ReLU exhibits the other conduct. In layer 1, whereas some neurons are inactive (the “useless zone”), the energetic ones already unfold throughout a wider vary (1.15 std), indicating preserved variation. By layer 2, this expands even additional (1.67 std), and the courses grow to be clearly separable — one is pushed to excessive activation ranges whereas the opposite stays close to zero. At this level, the output layer’s job is trivial.
fig, axes = plt.subplots(2, 2, figsize=(13, 10))

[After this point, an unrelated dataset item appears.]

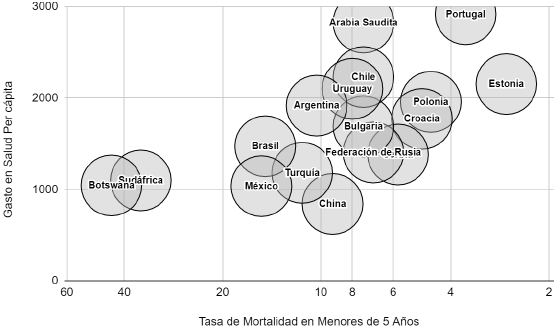 Existe una correlación entre el ingreso per cápita del país y su gasto en salud per cápita y -por lo tanto- también con los resultados obtenidos en indicadores de salud. Como vemos en la figura 2, países de altos ingresos per cápita como Estados Unidos, Portugal, Estonia o Arabia Saudita, también invierten más recursos en salud en términos per cápita.

fig.patch.set_facecolor(T[“bg”])
fig.suptitle(“Hidden-space representations on make_moons check set”,
fontsize=13, shade=T[“text”])
for col, (web, shade, title) in enumerate([
(net_sig, T[“sig”], “Sigmoid”),
(net_relu, T[“relu”], “ReLU”),
]):
for row, layer in enumerate([1, 2]):
ax = axes[row][col]
ax.set_facecolor(T[“panel”])
H = web.get_hidden(X_test, layer=layer)
ax.scatter(H[y_test==0, 0], H[y_test==0, 1], c=T[“c0″], s=40,
edgecolors=”white”, linewidths=0.4, alpha=0.85, label=”Class 0″)

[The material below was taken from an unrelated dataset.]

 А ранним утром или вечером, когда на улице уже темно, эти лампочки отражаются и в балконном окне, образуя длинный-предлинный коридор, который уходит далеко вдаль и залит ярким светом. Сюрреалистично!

ax.scatter(H[y_test==1, 0], H[y_test==1, 1], c=T[“c1″], s=40,
edgecolors=”white”, linewidths=0.4, alpha=0.85, label=”Class 1″)
unfold = H.std()
ax.textual content(0.04, 0.96, f”std: {unfold:.4f}”,
rework=ax.transAxes, fontsize=9, va=”high”,
shade=T[“text”],
bbox=dict(boxstyle=”spherical,pad=0.3″, fc=”white”, ec=shade, alpha=0.85))
ax.set_title(f”{title} — Layer {layer} hidden area”,
shade=shade, fontsize=11)
ax.set_xlabel(f”Unit 1″, shade=T[“muted”])
ax.set_ylabel(f”Unit 2″, shade=T[“muted”])
ax.tick_params(colours=T[“muted”])
if row == 0 and col == 0: ax.legend(fontsize=9)
plt.tight_layout()
plt.savefig(“hidden_space.png”, dpi=140, bbox_inches=”tight”)
plt.present()
Take a look at the Full Codes right here. Additionally, be at liberty to comply with us on Twitter and don’t overlook to affix our 120k+ ML SubReddit and Subscribe to our Publication. Wait! are you on telegram? now you may be a part of us on telegram as nicely.
Have to associate with us for selling your GitHub Repo OR Hugging Face Web page OR Product Launch OR Webinar and so on.? Join with us
I’m a Civil Engineering Graduate (2022) from Jamia Millia Islamia, New Delhi, and I’ve a eager curiosity in Knowledge Science, particularly Neural Networks and their software in numerous areas.